## Aim of the exercise
From the records below, extract only the lines running from the line with "centro. In cornice" to the line with "T'shirt preta tamanho", both lines included, reproducing them exactly.

## Data listing
Start of Block

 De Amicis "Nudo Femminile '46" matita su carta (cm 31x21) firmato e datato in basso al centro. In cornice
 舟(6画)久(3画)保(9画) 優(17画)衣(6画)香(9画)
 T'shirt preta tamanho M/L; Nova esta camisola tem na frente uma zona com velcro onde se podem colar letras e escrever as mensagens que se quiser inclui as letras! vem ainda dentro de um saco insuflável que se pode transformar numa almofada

End of Block
Start of Block

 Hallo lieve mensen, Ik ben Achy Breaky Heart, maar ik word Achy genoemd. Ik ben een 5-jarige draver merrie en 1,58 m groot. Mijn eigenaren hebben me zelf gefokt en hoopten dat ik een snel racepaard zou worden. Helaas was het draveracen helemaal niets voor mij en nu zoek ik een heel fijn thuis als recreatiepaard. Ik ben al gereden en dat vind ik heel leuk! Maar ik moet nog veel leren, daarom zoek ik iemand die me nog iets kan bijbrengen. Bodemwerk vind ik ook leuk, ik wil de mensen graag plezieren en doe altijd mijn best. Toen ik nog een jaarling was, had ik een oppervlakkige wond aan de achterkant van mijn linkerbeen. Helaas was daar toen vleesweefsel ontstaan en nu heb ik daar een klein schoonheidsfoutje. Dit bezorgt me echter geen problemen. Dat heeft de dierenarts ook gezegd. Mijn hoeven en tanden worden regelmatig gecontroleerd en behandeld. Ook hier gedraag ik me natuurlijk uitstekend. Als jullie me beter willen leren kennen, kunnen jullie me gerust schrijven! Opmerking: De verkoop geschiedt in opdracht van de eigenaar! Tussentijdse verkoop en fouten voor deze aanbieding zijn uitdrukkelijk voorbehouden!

End of Block
Start of Block

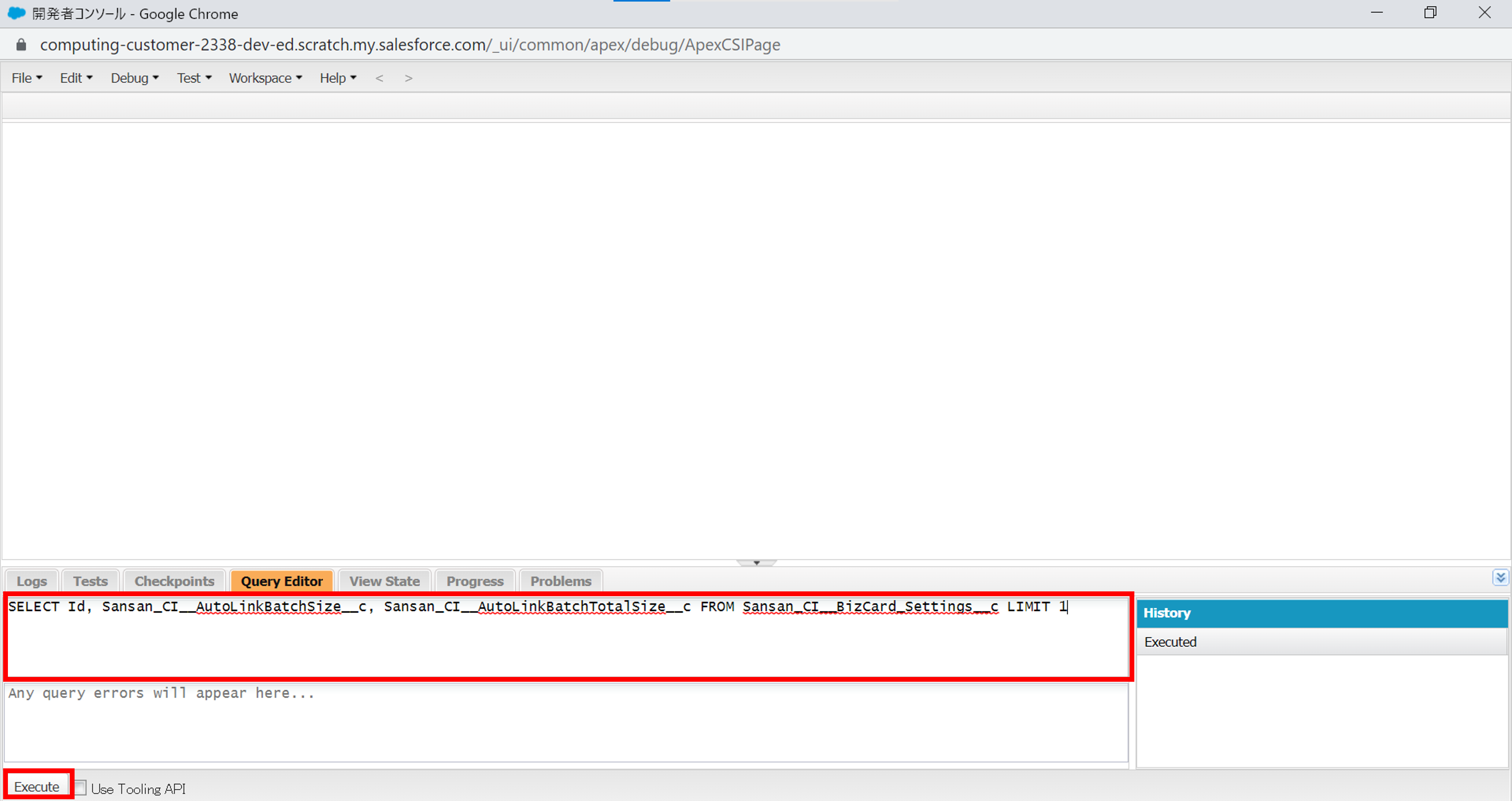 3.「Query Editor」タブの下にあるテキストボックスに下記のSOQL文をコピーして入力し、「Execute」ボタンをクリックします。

End of Block

## Answer for the task
 De Amicis "Nudo Femminile '46" matita su carta (cm 31x21) firmato e datato in basso al centro. In cornice
 舟(6画)久(3画)保(9画) 優(17画)衣(6画)香(9画)
 T'shirt preta tamanho M/L; Nova esta camisola tem na frente uma zona com velcro onde se podem colar letras e escrever as mensagens que se quiser inclui as letras! vem ainda dentro de um saco insuflável que se pode transformar numa almofada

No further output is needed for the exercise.